The oil guide structure that is shown in FIG. 7 is arranged to guide the lubricating oil from the thrust bearing 8 toward the oil passage 11 by means of a ring-shaped weir plate 17 which is provided between the outer peripheral edge of the thrust bearing 8 and the opening of the oil passage 11 and an oil guide plate 18 which is provided at the opening of the oil passage 11. The oil guide structure shown in FIG. 8 is arranged to guide the lubricating oil from the thrust bearing 8 toward the oil passage 11 by means of a raised portion 19 that is formed on the ring carrier 6 and the oil guide plate 18.
However, the conventional bearing lubricating systems arranged as described above suffer from the following problems:
The operation of securing the weir plate 17 to the side surface of the ring carrier 6 or forming the raised portion 19 thereon is complicated and troublesome, which causes a rise in the production cost of a transmission, for example, which incorporates the lubricating system.
If the assembly operator forgets to incorporate the weir plate 17 or the oil guide plate 18, the lubricating oil having passed through the thrust bearing 8 cannot be efficiently guided into the oil passage 11, which is likely to result in a failure in lubrication of the roller bearing 12 supporting the planetary gear 4.

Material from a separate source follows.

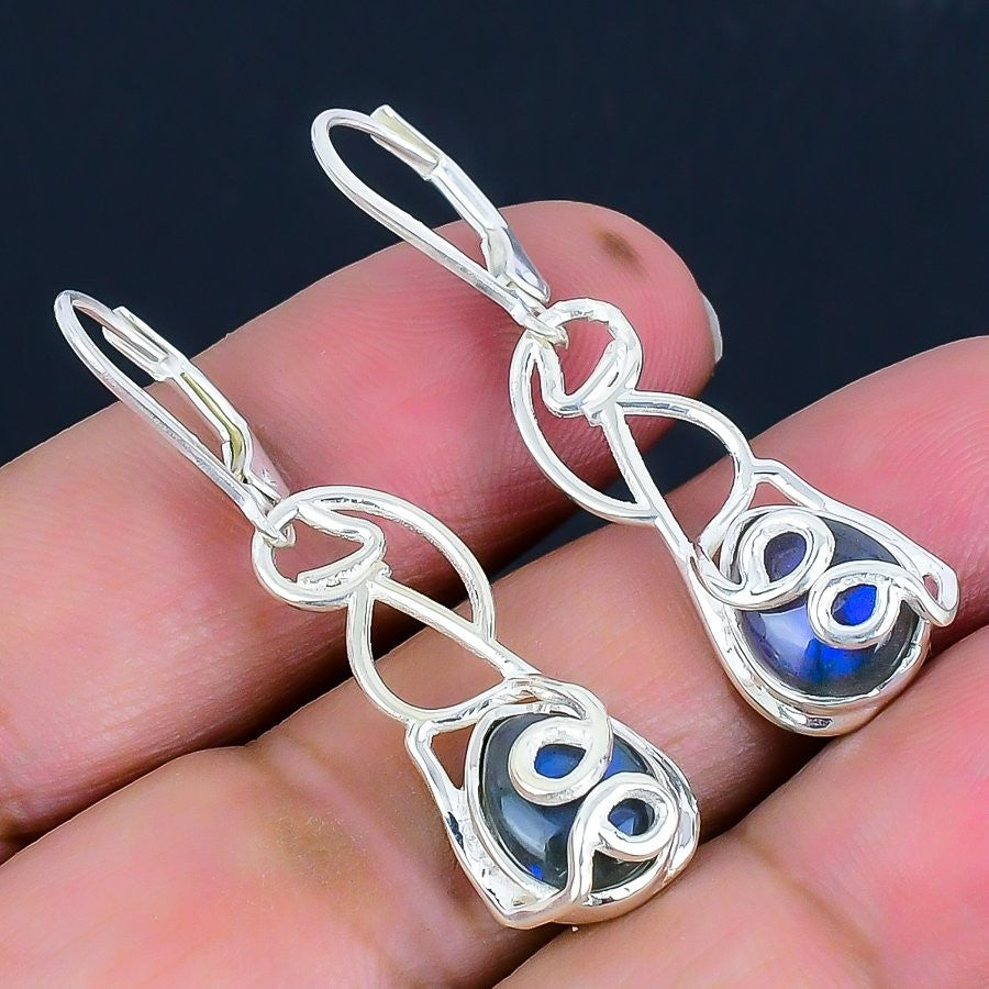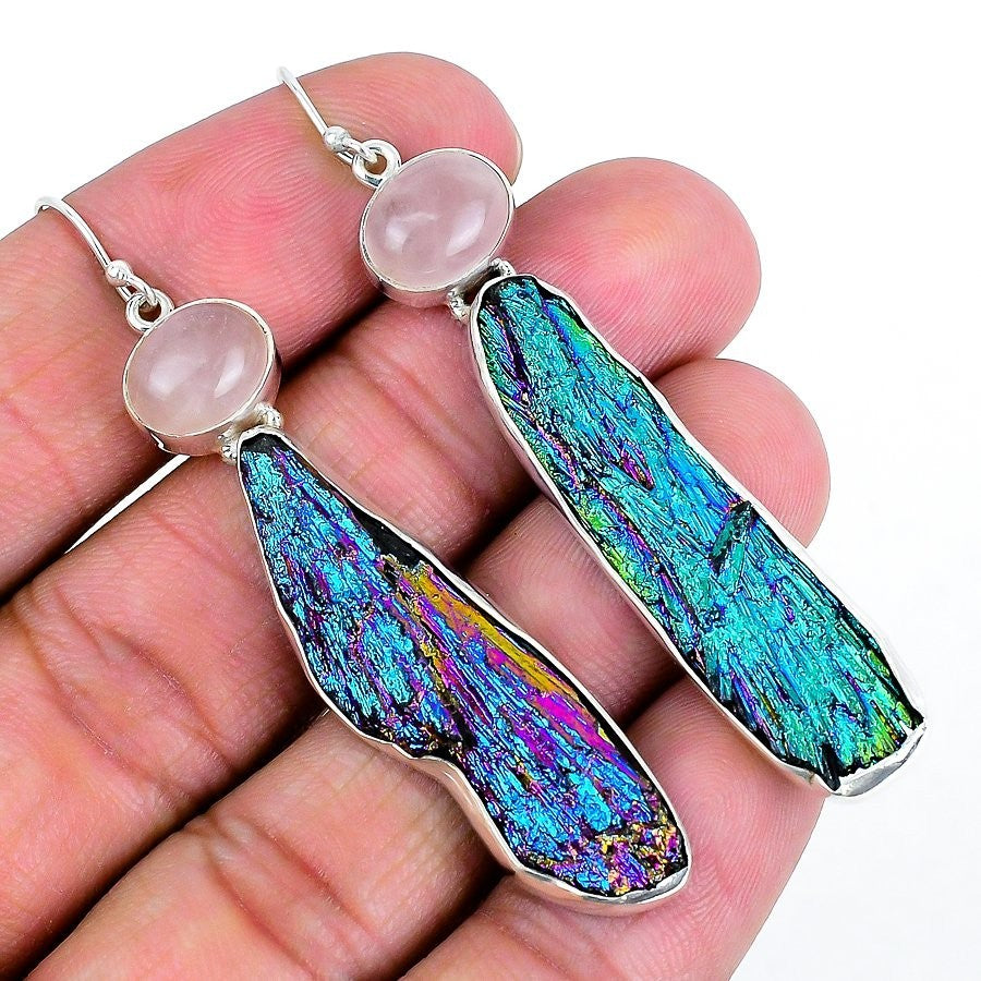 Titanium Kyanite Gemstone Sterling Silver Bezel Dangle Trendy Earrings Jewelry

FIGS. 9 and 10 show other conventional structures for guiding the lubricating oil having passed through the thrust bearing 8 into the oil passage 11.
The structure shown in FIG. 9 is arranged to guide the lubricating oil having passed through the thrust bearing 8 into the oil passage 11 inside the planetary shaft 3 through a passage 21 which is formed in the inner peripheral portion of a stopper plate 20 that is provided to prevent the planetary gear 4 from coming off the planetary shaft 3. The oil guide structure shown in FIG. 10 is arranged to guide the lubricating oil having passed through the thrust bearing 8 into the oil passage 11 inside the planetary shaft 3 through a groove 22 which is formed in the end face of the sun gear 5 and the passage 21 that is formed in the inner peripheral portion of the stopper plate 20.
The prior art oil guide structures shown in FIGS. 9 and 10 also involve a complicated machining process which leads to a rise in the production cost. In the case of the structure shown in FIG. 10, the race 15 has no support at the portion thereof that faces the groove 22. There is therefore a fear that a part of the race 15 may be gradually deformed during use, resulting in the lifetime of the thrust bearing 8 being shortened.
Further, none of the prior arts are capable of efficiently guiding the lubricating oil spouting from the outlet port 10 toward the thrust bearing 8.